**What to do:**
Beginning with the first line below, retype exactly each line through the one containing "數(shù)據(jù)統(t". Leave out all pictures.
[[ Provided data open ]]
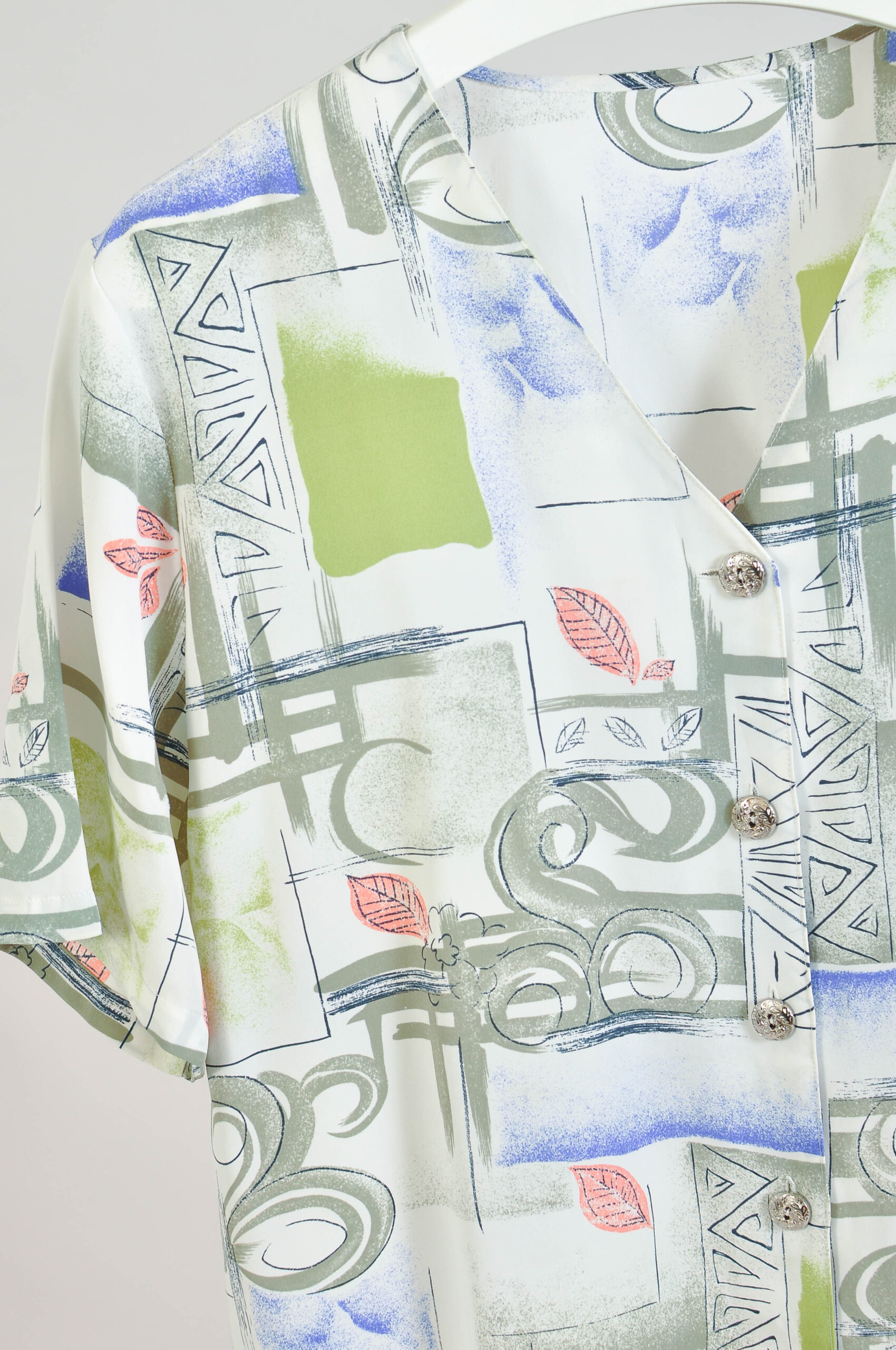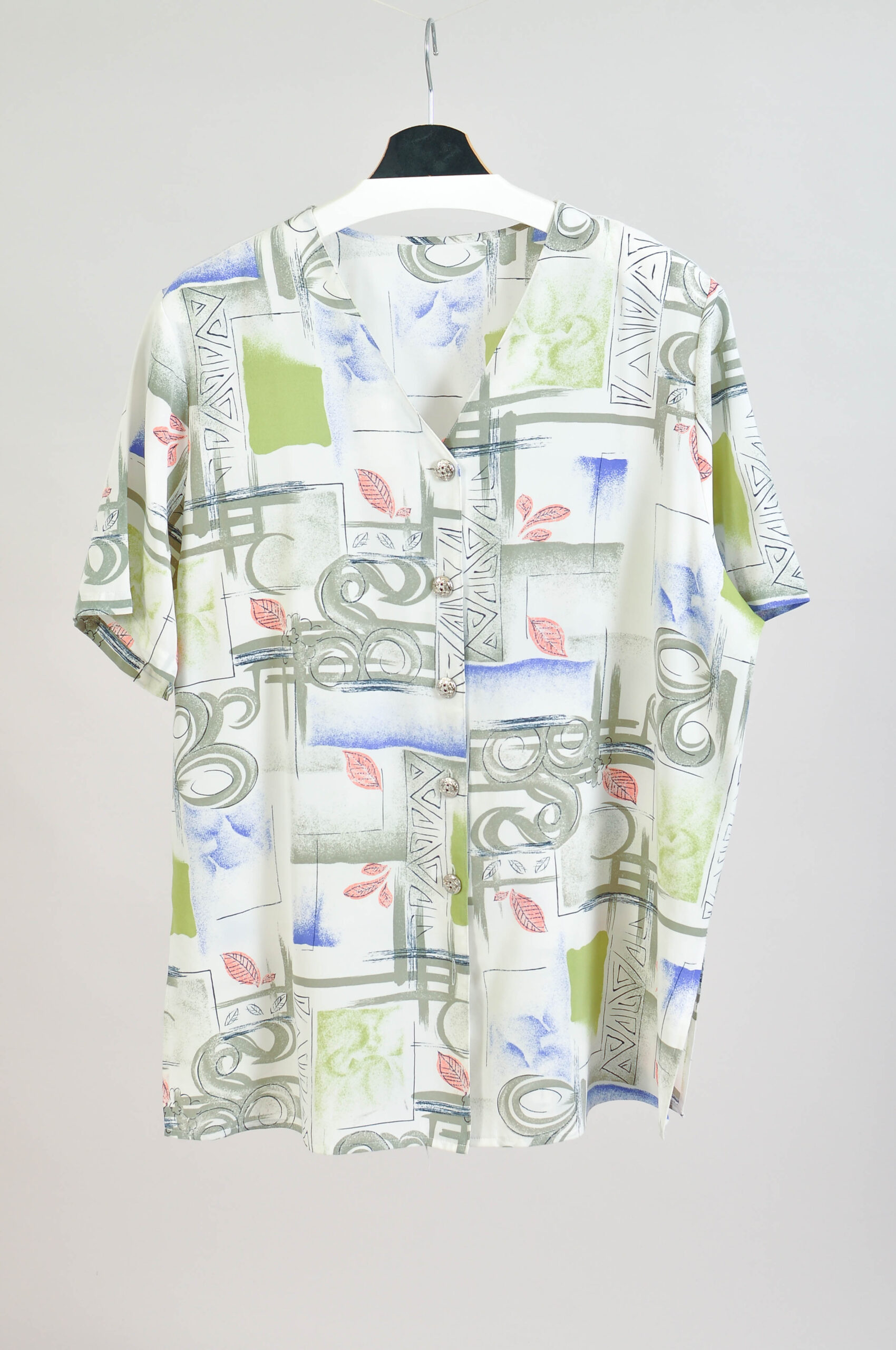 Classic vintage 90s short sleeve blouse featuring a relaxed silhouette typical of 1990s fashion. Its simple and versatile design makes it easy to style for both casual and everyday outfits.
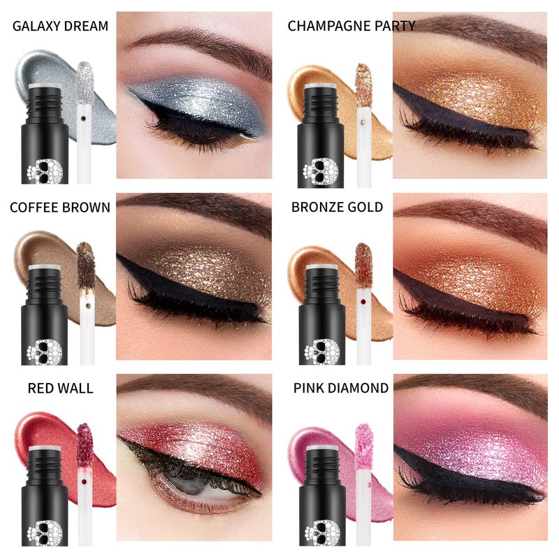 - Bold, High-Impact Glitter Eyeshadow: Create captivating, bold eye looks with this Shimmer Liquid Eyeshadow. Packed with intense pigmentation, this eyeshadow delivers a high-impact, glittery finish that catches the light from every angle. Whether you're going for an edgy look or a glamorous evening style, this eyeshadow ensures your eyes make a statement with its stunning metallic glitter effect.
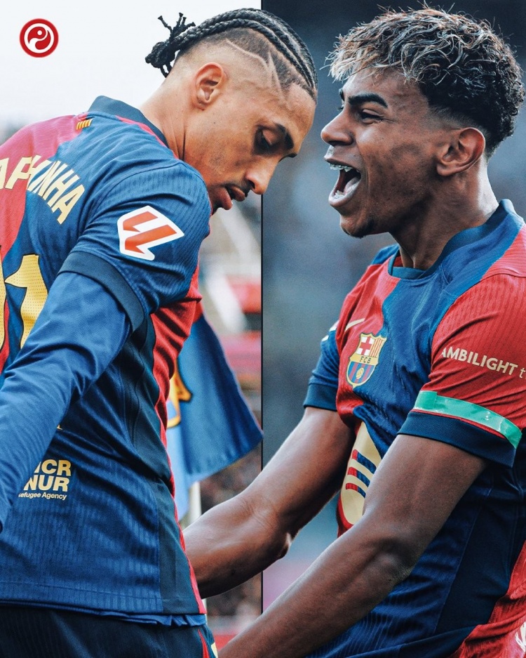 數(shù)據(jù)統(tǒng)計(jì)顯示,拉菲尼亞是本賽季西甲唯一在運(yùn)動(dòng)戰(zhàn)能夠創(chuàng)造機(jī)會(huì)50+的球員(57次),他在26輪聯(lián)賽貢獻(xiàn)13球7助攻;亞馬爾本賽季成功過(guò)人高達(dá)95次,比其他西甲球員至少多出23次,也是本賽季西甲唯一助攻上雙的球員(11次)。
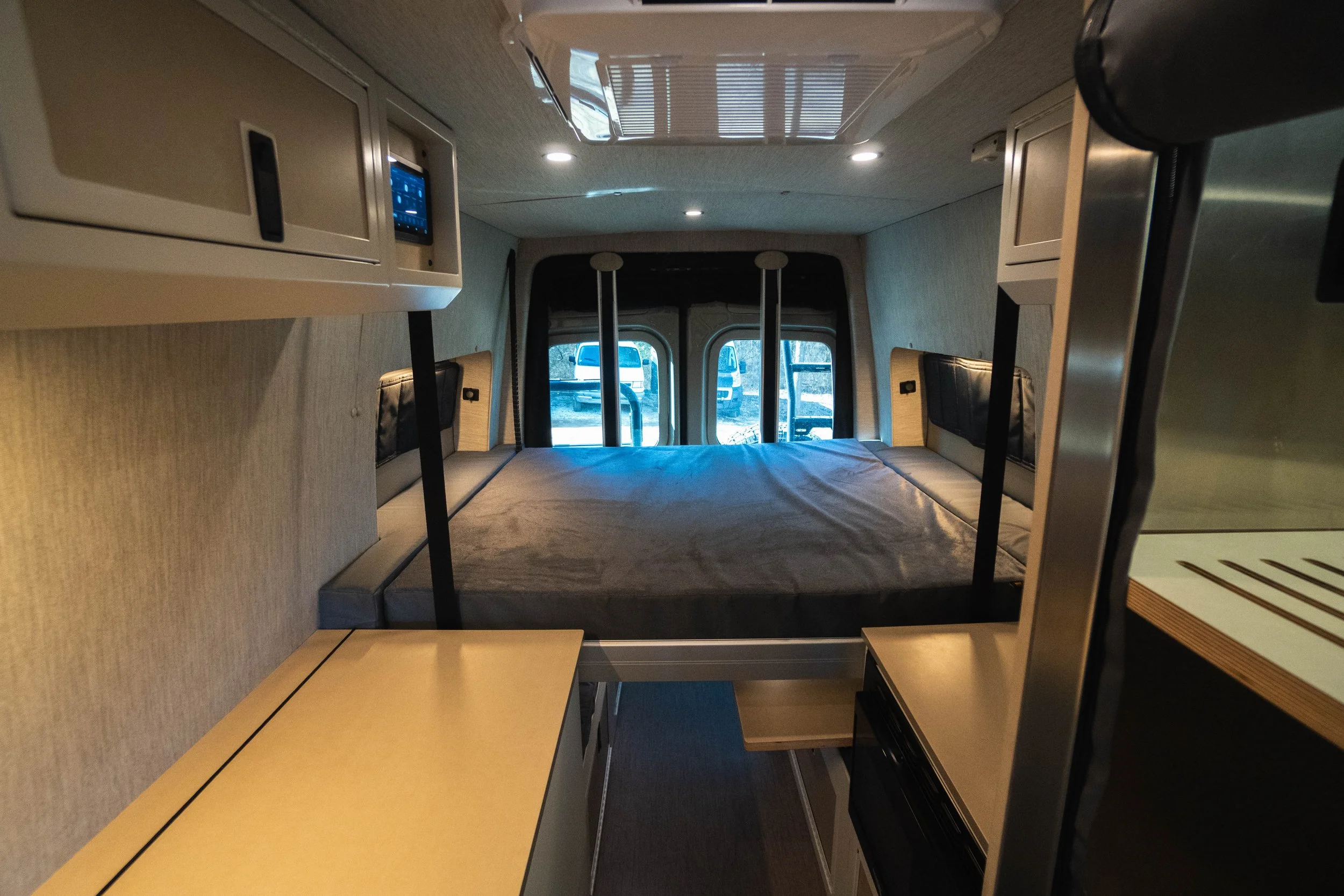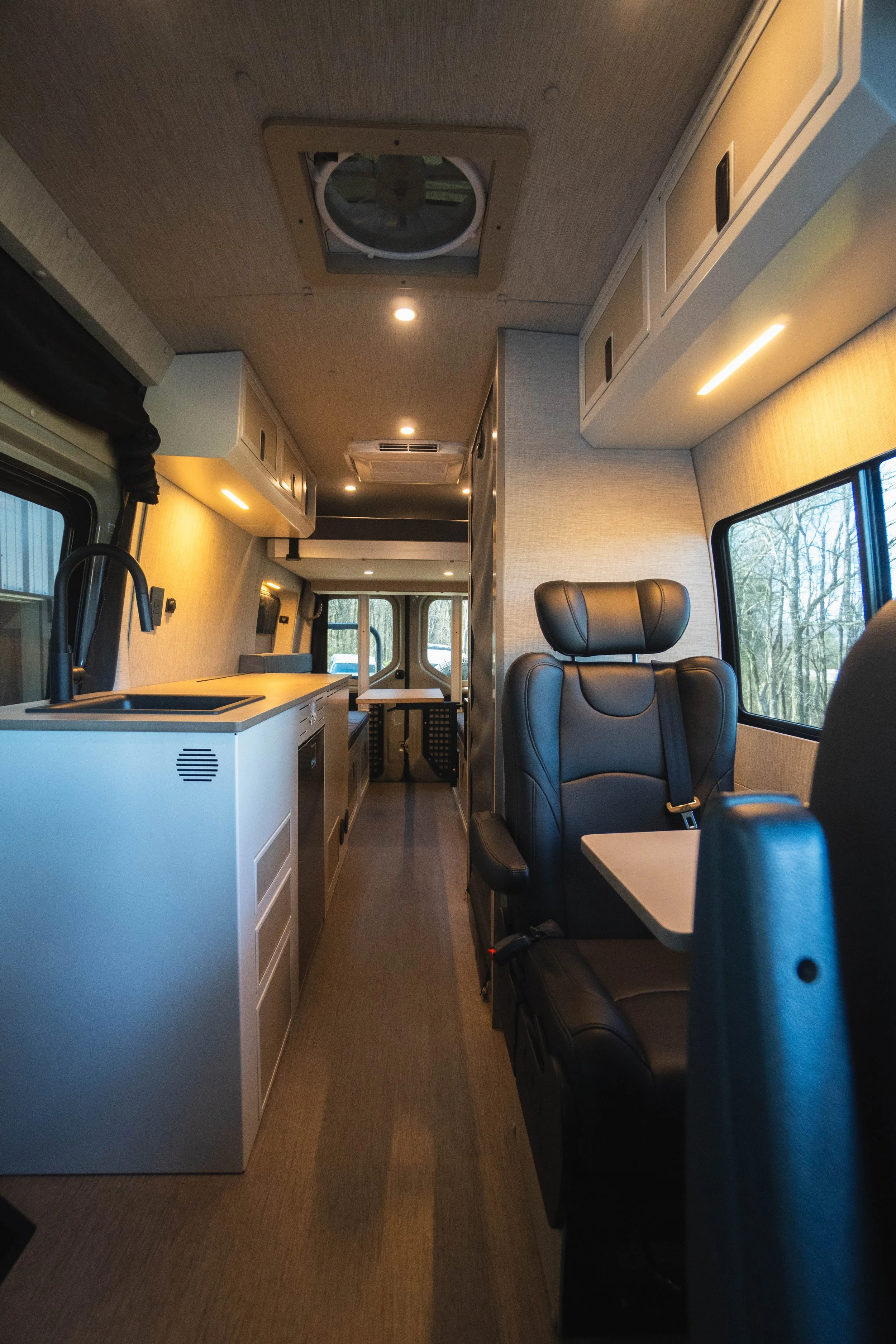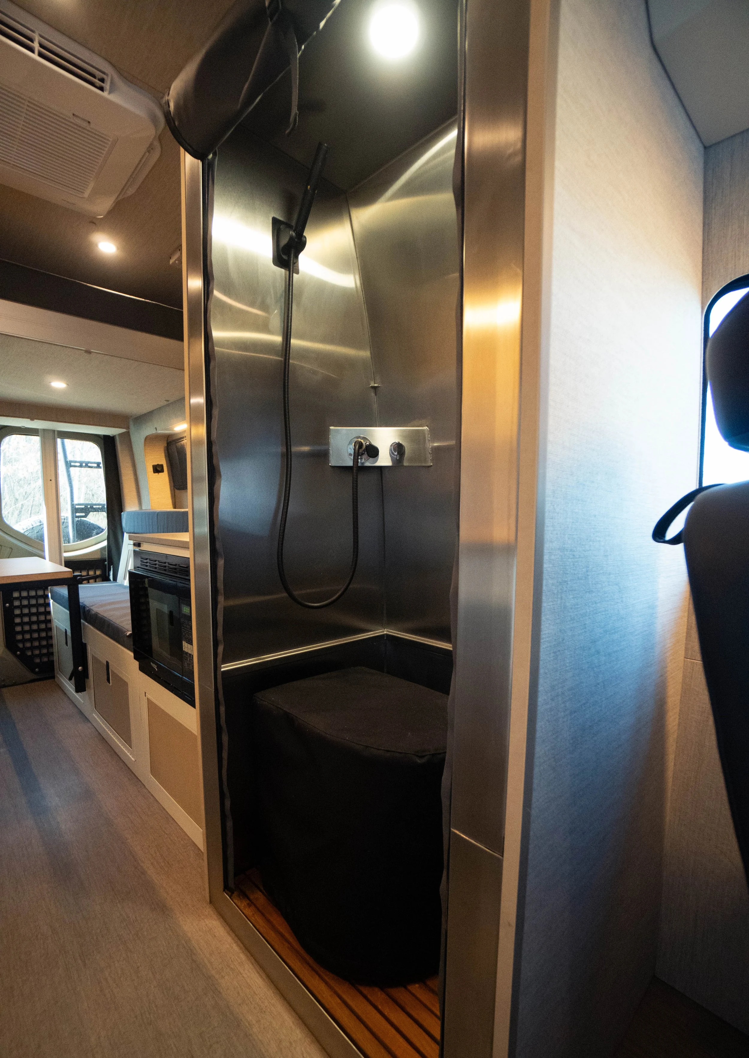 we think the el beasto has it all! We designed this layout with extended stays in mind. wether your parked at the base of a mountain for a ski season or traveling the country for work this van has you covered. it features our aluminum cabinetry throughout. This beast comes with an extended galley cabinet with 2 refrigerators, sink / faucet, induction cooktop, comes equipped with a full size aluminum shower, a lift bed / dinette in the rear, and a 3rd seat that converts to a bed. off grid capable ac keeps you cool in the summer and a hydronic system keeps the heat pumping in the winter.
[[ Provided data closed ]]
**Your response:**
 Classic vintage 90s short sleeve blouse featuring a relaxed silhouette typical of 1990s fashion. Its simple and versatile design makes it easy to style for both casual and everyday outfits.
 - Bold, High-Impact Glitter Eyeshadow: Create captivating, bold eye looks with this Shimmer Liquid Eyeshadow. Packed with intense pigmentation, this eyeshadow delivers a high-impact, glittery finish that catches the light from every angle. Whether you're going for an edgy look or a glamorous evening style, this eyeshadow ensures your eyes make a statement with its stunning metallic glitter effect.
 數(shù)據(jù)統(tǒng)計(jì)顯示,拉菲尼亞是本賽季西甲唯一在運(yùn)動(dòng)戰(zhàn)能夠創(chuàng)造機(jī)會(huì)50+的球員(57次),他在26輪聯(lián)賽貢獻(xiàn)13球7助攻;亞馬爾本賽季成功過(guò)人高達(dá)95次,比其他西甲球員至少多出23次,也是本賽季西甲唯一助攻上雙的球員(11次)。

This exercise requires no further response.